Кота Василию Петровичу привезли, как и договаривались, вечером. Голубая переноска, дырочки - ячейки, и горящие сквозь них круглые как плошки, глаза.
Приданного аж в четырех пакетах рядом поставили! Будто пенсионер Петрович животину не на две недели, пока хозяева в отпуске, взять согласился, а минимум на целый год.
В одном пакете корма в блестящих маленьких упаковках: утка в соусе, креветки с ананасом, океаническая рыба в собственном соку… и миски, до блеска начищенные. Петровичу при виде такого богатства за свой полупустой холодильник и стоящие в раковине с обеда немытые тарелки сразу как-то стыдно стало.
Второй - пятнадцатикилограммовый опилок древесных мешок. Будто у Петровича песка во дворе аж с четырьмя детскими песочницами не найдется.
В третьем - лежанка плюшевая, разобранная на три части когтеточка, мышей разноцветных горсть и здоровенный зеленый лоток. Петрович даже присвистнул, с подозрением посмотрев на притихшего в переноске кота - у покойной его супруги Анфисы Николаевны корыто для стирки меньше этого таза значительно было.
При воспоминании о любимой, больше года назад ушедшей жене, сердце привычно кольнуло.
Он бы давно за ней, за Анфисушкой своей, отправился.

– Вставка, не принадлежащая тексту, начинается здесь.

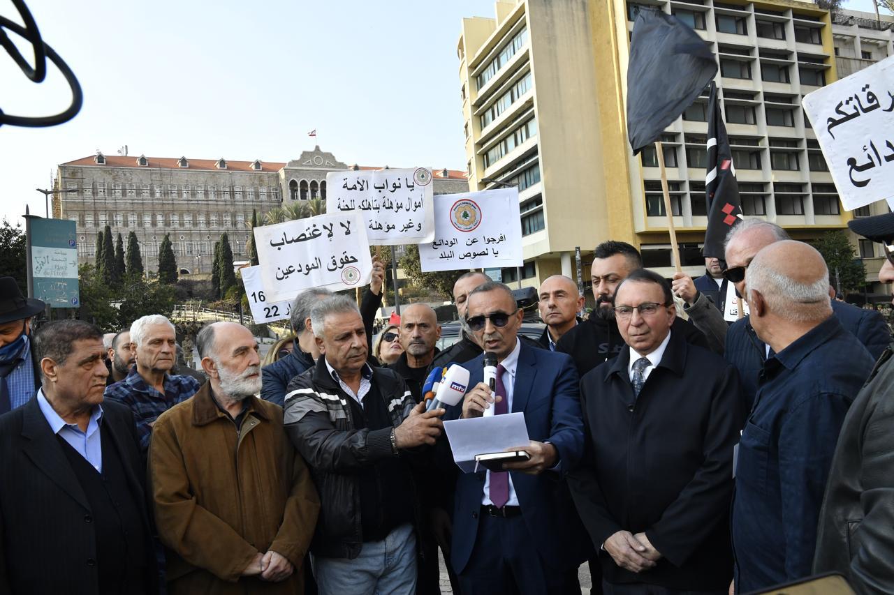 نفذت جمعية المودعين اعتصاما في ساحة رياض الصلح، احتجاجا على «إقرار قانون لادستوري من قبل الحكومة لشطب 80 بالمئة من الودائع»، بمشاركة وزير المهجرين في حكومة تصريف الاعمال عصام شرف الدين.

Не держит ведь ничего. Детей они не нажили, а одному… Чего ему, старику, на этом свете куковать?
Да только то одно, то другое - все что - то останавливает.

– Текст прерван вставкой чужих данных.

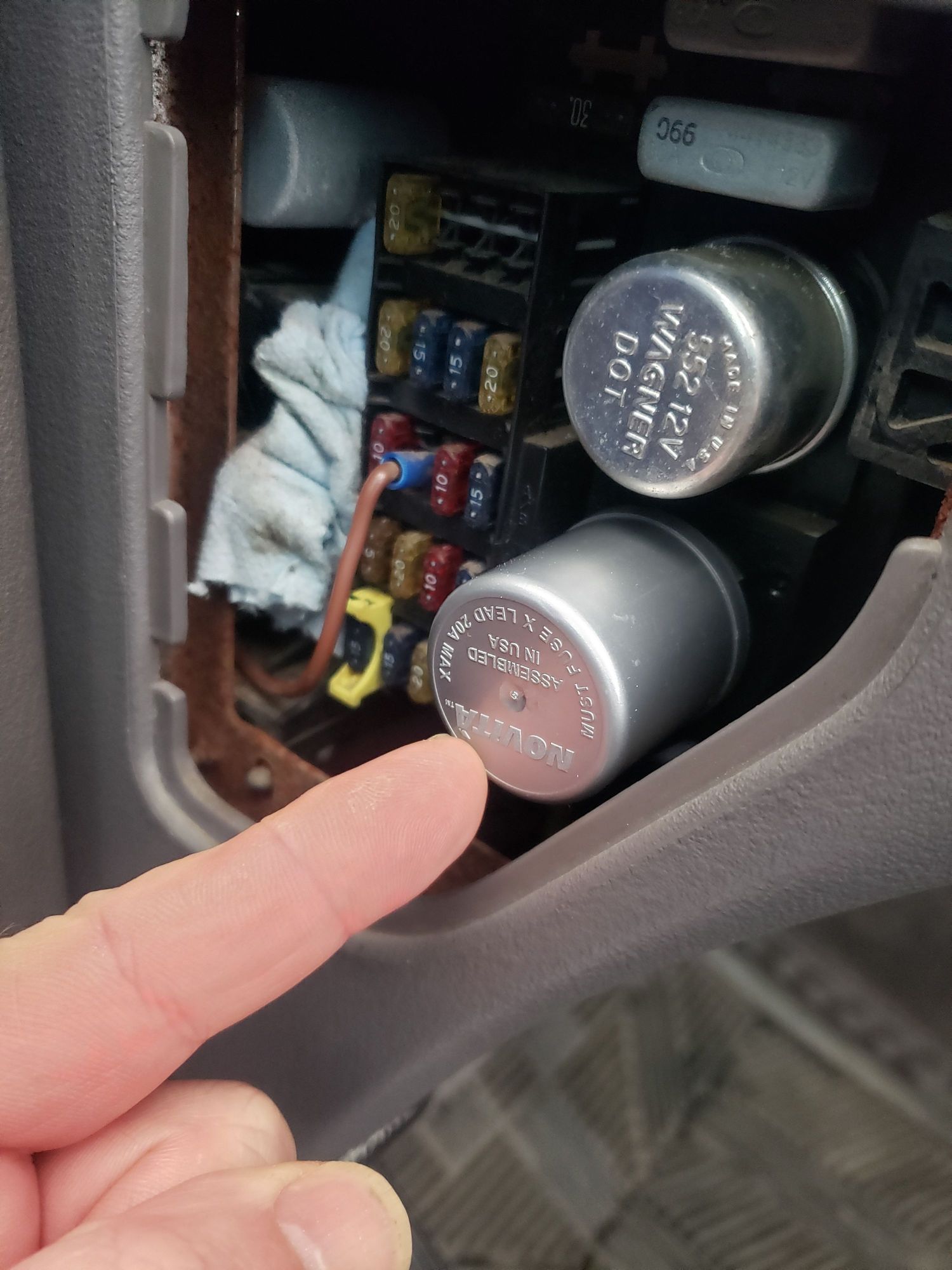 96 Ram 2500 V10 fuse panel driverside dash. Top round fuse works the hazards and the bottom one works the turn signals. Super simple fix!

Сначала вон крыша у соседа по даче поизносилась - о помощи попросил, так и проковырялись вдвоем больше месяца. Начали то вроде с дыры, а на выходе весь шифер старый черепицей блестящей заменили.
Потом Аннушка, лаборантка его бывшая из НИИ, позвонила - мол, выручайте, Василий Петрович, миленький, совсем некому лекции вести… Так и провозился, посчитай, всю зиму со студентами в аудитории.
По весне на кладбище приехал, а там у Анфисы Николаевны памятник треснул. Благо сбережения есть. Пока новый заказал, пока дождался как установят. Оградку заодно обновил - подкрасил.
Луковиц, да семян цветочных в вазоны понакидал, понатыкал. Все гадал, когда домой ехал, взойдут или нет? Цветы, они женскую руку-то больше любят.
Взошли, никуда не делись. Выстрелили сочными зелеными стрелами через месяц, вытянулись. А потом, как солнце сильнее греть стало, зацвели. И тюльпаны, и нарциссы, и любимый Анфисой сиреневый дельфиниум.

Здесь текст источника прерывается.